A verbatim copy is needed of the lines below from the one containing "누가복음 21:1-6 (눅" up to and including the one containing "그리고 로컬푸드 직매장에서 구입한 딸기를 깨끗하게 씻어 곁들여 줬습니다.", excluding pictures.

* [Entries provided]:
-- Opening Marker --
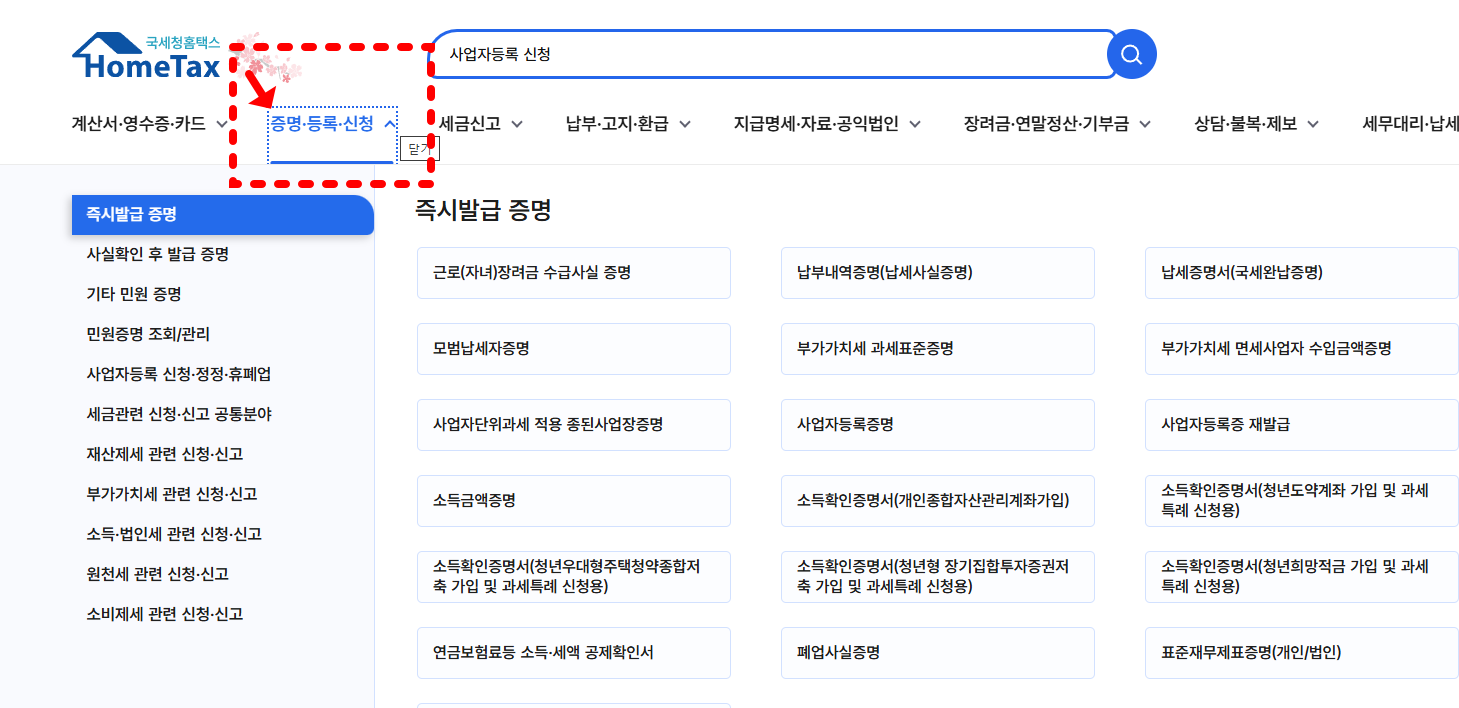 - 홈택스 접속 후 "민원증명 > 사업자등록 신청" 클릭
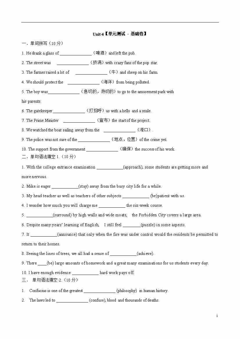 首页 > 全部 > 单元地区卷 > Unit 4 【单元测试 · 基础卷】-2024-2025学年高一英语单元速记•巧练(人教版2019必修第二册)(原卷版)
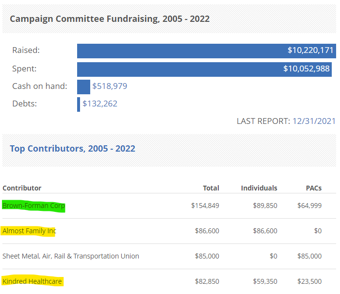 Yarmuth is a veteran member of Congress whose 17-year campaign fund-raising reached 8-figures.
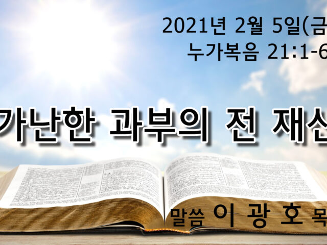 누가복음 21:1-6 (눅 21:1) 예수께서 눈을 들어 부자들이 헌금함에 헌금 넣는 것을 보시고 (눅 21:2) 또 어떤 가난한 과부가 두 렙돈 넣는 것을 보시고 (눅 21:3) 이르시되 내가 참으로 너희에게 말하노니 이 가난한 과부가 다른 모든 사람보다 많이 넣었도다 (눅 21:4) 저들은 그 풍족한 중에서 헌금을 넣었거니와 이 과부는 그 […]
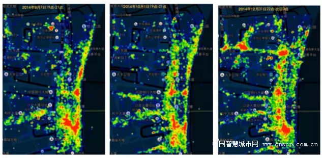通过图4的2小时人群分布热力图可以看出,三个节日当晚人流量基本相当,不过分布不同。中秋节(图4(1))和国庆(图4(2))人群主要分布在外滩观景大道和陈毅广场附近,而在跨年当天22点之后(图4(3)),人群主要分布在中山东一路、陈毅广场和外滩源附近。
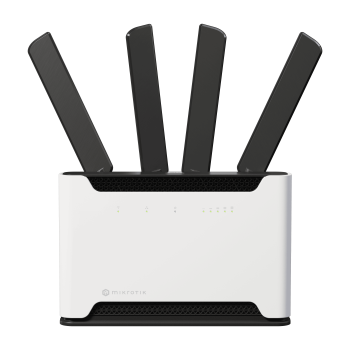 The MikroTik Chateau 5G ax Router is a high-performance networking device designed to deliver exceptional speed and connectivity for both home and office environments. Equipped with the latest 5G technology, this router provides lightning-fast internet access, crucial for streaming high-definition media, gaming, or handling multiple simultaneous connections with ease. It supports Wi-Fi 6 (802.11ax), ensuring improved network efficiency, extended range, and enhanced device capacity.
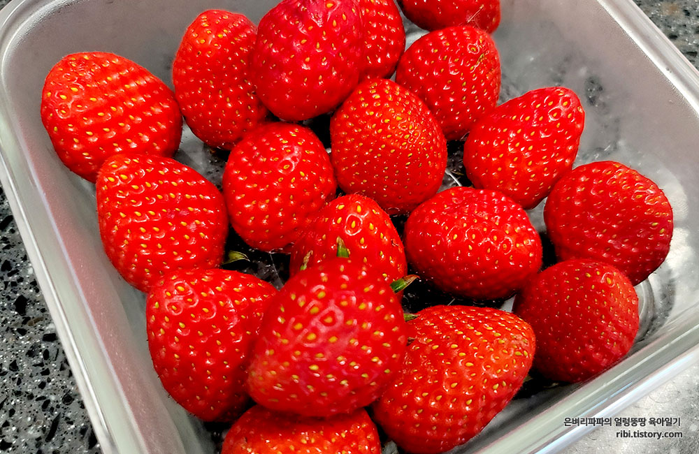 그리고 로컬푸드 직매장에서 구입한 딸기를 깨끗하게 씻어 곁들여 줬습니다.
-- Closing Marker --
-- Opening Marker --
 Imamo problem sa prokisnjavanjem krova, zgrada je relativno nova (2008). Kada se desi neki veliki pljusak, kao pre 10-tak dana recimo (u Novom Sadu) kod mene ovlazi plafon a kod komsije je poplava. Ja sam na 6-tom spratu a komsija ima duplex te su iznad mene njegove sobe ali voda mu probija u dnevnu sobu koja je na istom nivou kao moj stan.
-- Closing Marker --
-- Opening Marker --
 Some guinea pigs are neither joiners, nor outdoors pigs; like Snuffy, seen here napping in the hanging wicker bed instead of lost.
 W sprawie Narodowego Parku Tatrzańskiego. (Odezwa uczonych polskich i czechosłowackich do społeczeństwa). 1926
-- Closing Marker --
* [Solution below]:
 누가복음 21:1-6 (눅 21:1) 예수께서 눈을 들어 부자들이 헌금함에 헌금 넣는 것을 보시고 (눅 21:2) 또 어떤 가난한 과부가 두 렙돈 넣는 것을 보시고 (눅 21:3) 이르시되 내가 참으로 너희에게 말하노니 이 가난한 과부가 다른 모든 사람보다 많이 넣었도다 (눅 21:4) 저들은 그 풍족한 중에서 헌금을 넣었거니와 이 과부는 그 […]
通过图4的2小时人群分布热力图可以看出,三个节日当晚人流量基本相当,不过分布不同。中秋节(图4(1))和国庆(图4(2))人群主要分布在外滩观景大道和陈毅广场附近,而在跨年当天22点之后(图4(3)),人群主要分布在中山东一路、陈毅广场和外滩源附近。
 The MikroTik Chateau 5G ax Router is a high-performance networking device designed to deliver exceptional speed and connectivity for both home and office environments. Equipped with the latest 5G technology, this router provides lightning-fast internet access, crucial for streaming high-definition media, gaming, or handling multiple simultaneous connections with ease. It supports Wi-Fi 6 (802.11ax), ensuring improved network efficiency, extended range, and enhanced device capacity.
 그리고 로컬푸드 직매장에서 구입한 딸기를 깨끗하게 씻어 곁들여 줬습니다.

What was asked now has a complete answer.